== YOUR TASK ==
Write out again, word for word, the lines below from the line that holds "Envoyez par email" through the line that holds "Описание товара Sierra", omitting pictures.

== DATA SHOWN ==
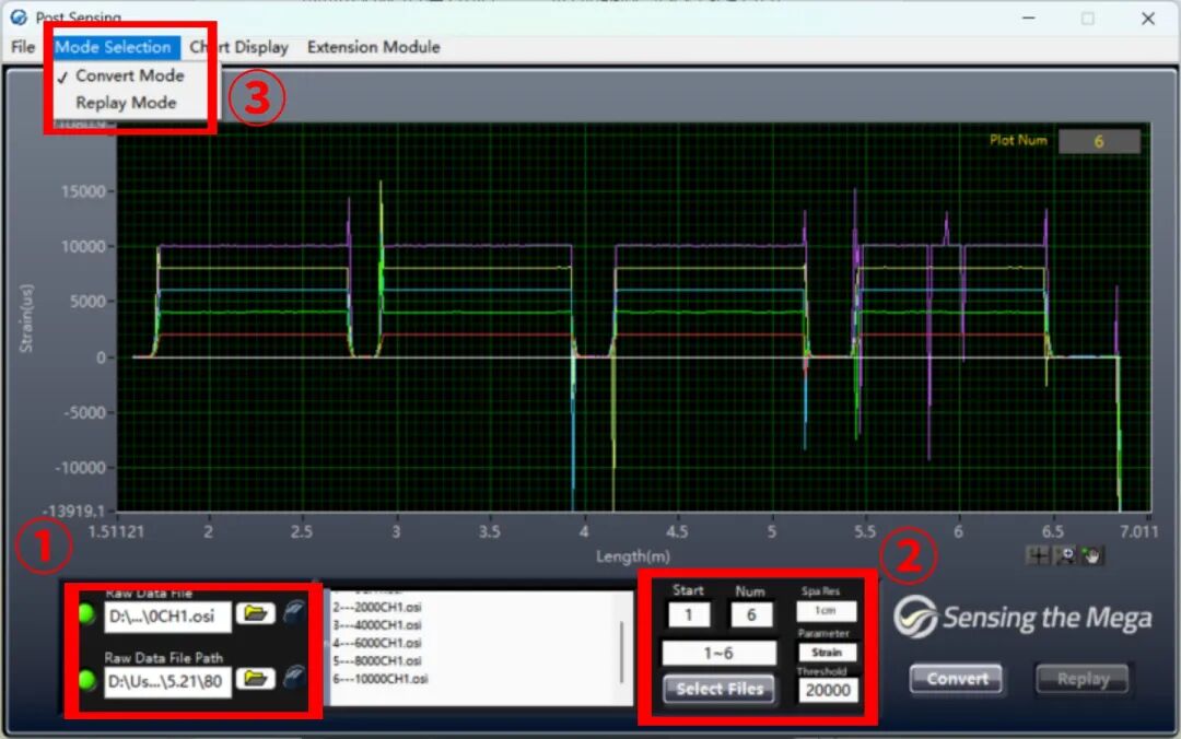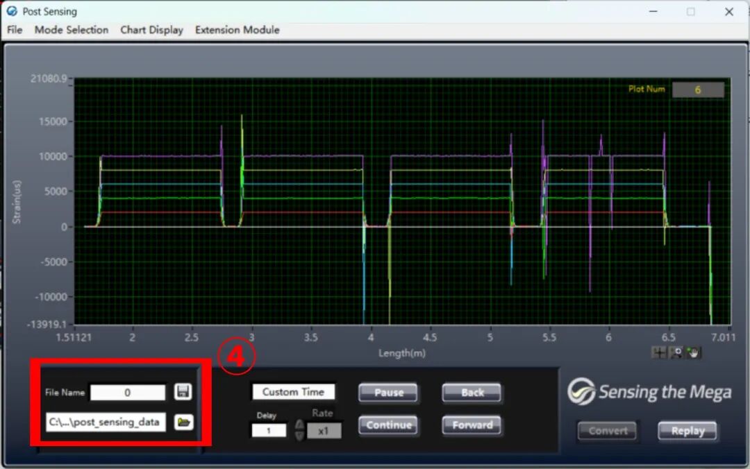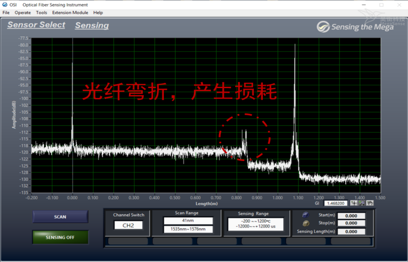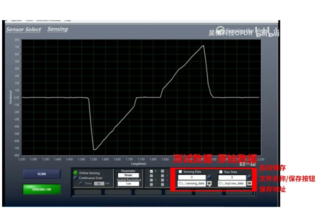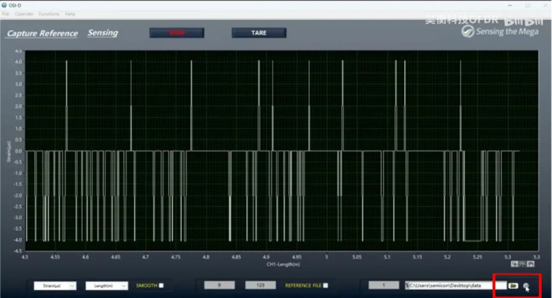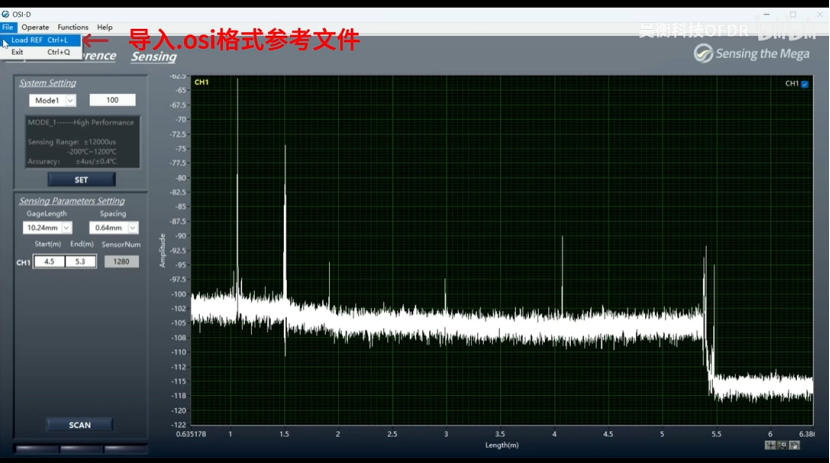 打開OSI-D軟件,設(shè)置通道數(shù)、長度和模式,點(diǎn)擊SCAN出現(xiàn)OFDR曲線,設(shè)置傳感段和空間分辨率后再次點(diǎn)擊Scan完成參數(shù)設(shè)置,點(diǎn)擊Sensing進(jìn)入傳感界面,點(diǎn)擊Start后軟件將自動(dòng)保存參考至桌面Data文件夾中,如有多組參考文件需要保存,記得每次保存一組參考文件后及時(shí)拷貝留存,避免下次保存參考時(shí)覆蓋數(shù)據(jù)。
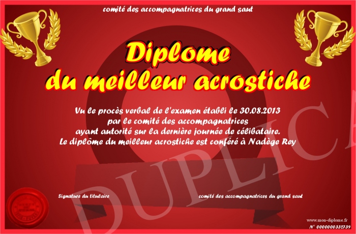 Envoyez par email votre Diplôme du meilleur acrostiche personalisé
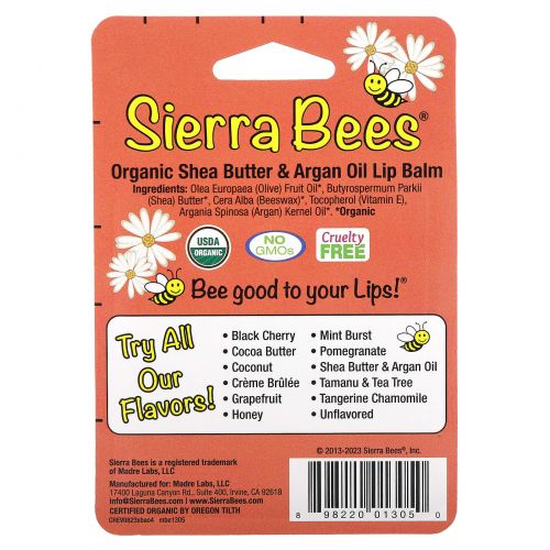Описание товара Sierra Bees, Органические бальзамы для губ, масло ши и аргановое масло, 4 штуки в упаковке весом 0,15 унции (4,25 г) каждая
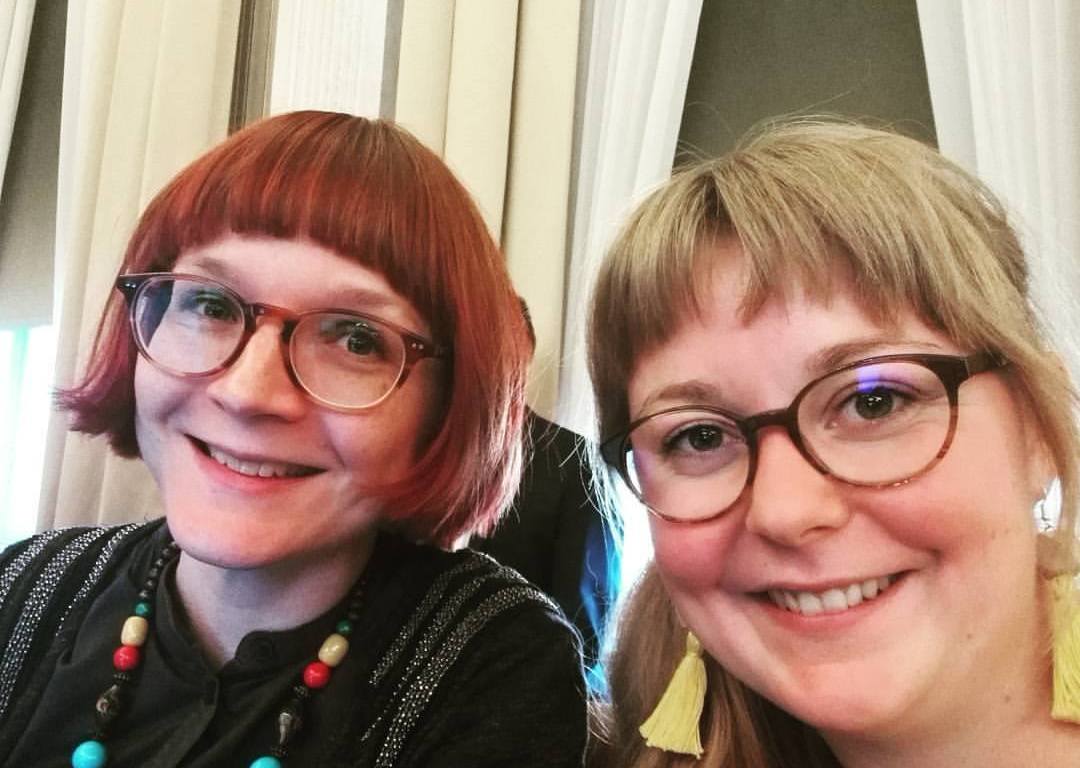 Kuvassa hymyilemme valtuuston kokouksessa vierustoverini Merjan kanssa, politiikan ehdottomiin hyviin puoliin lukeutuu se, että saa tutustua myös tosi kivoihin ihmisiin!
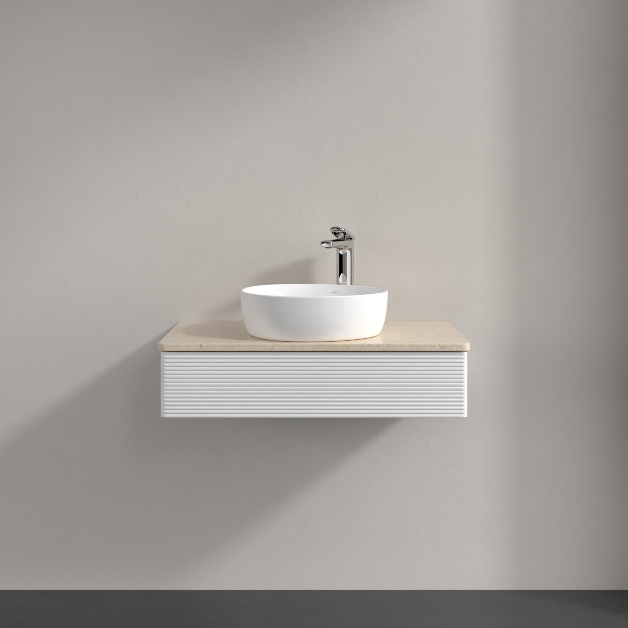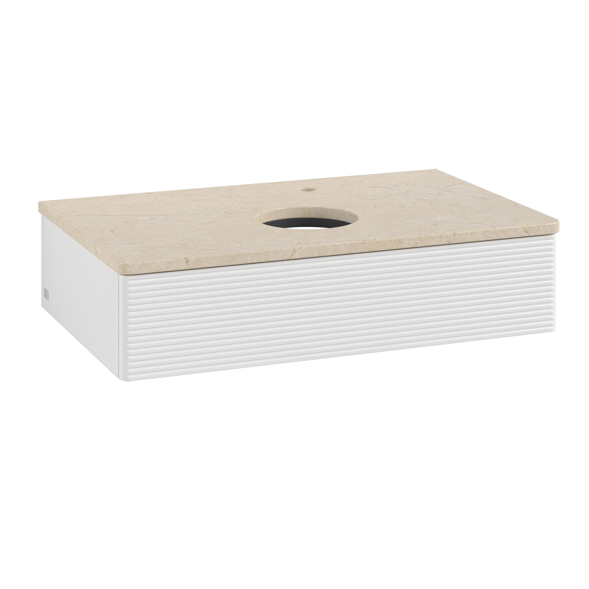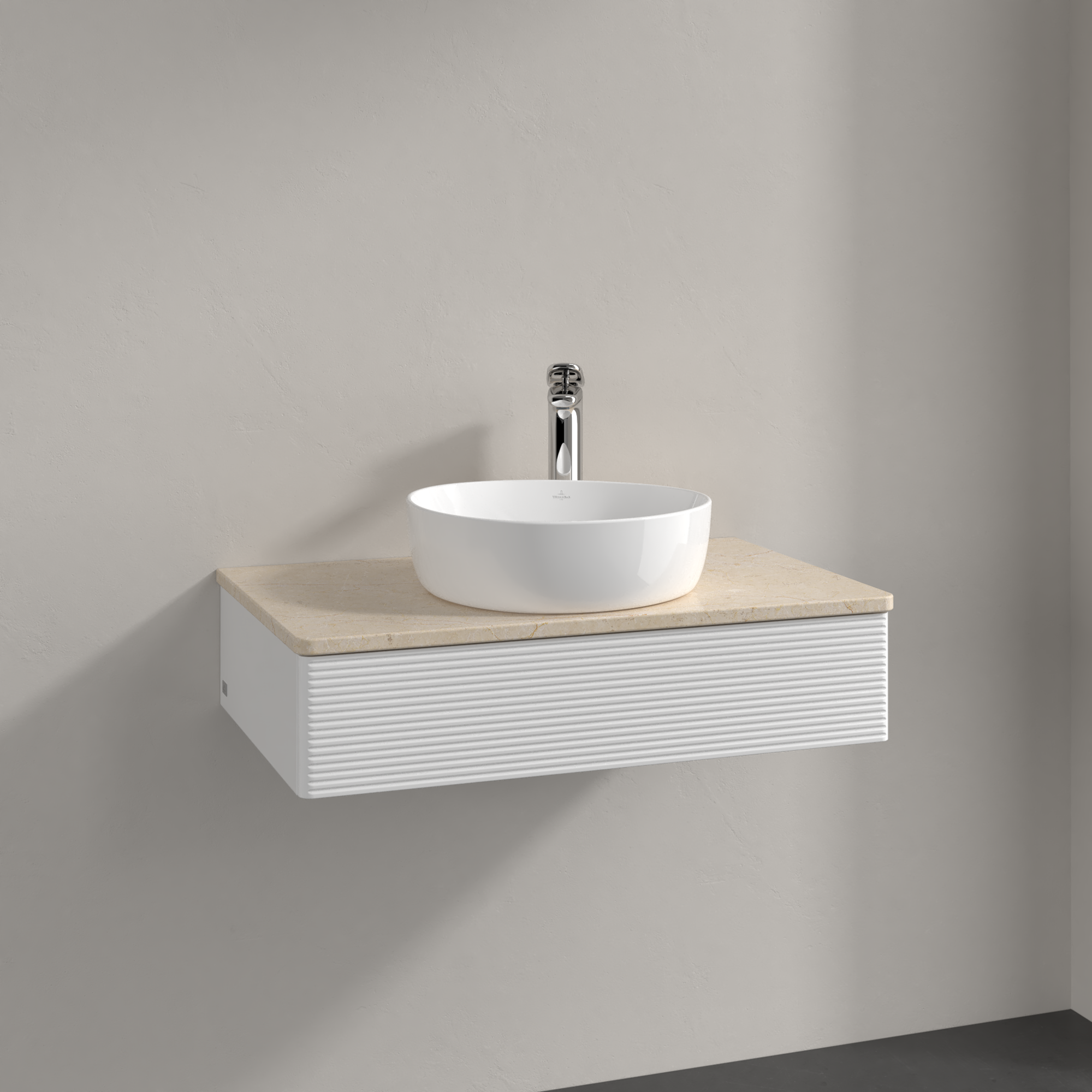 Antao Vanity unit, with lighting, 1 pull-out compartment, 800x190x500mm, Front with grain texture, Body: Glossy White Lacquer, Front: Glossy White Lacquer, Cover plate: Botticino

== REPLY ==
 Envoyez par email votre Diplôme du meilleur acrostiche personalisé
Описание товара Sierra Bees, Органические бальзамы для губ, масло ши и аргановое масло, 4 штуки в упаковке весом 0,15 унции (4,25 г) каждая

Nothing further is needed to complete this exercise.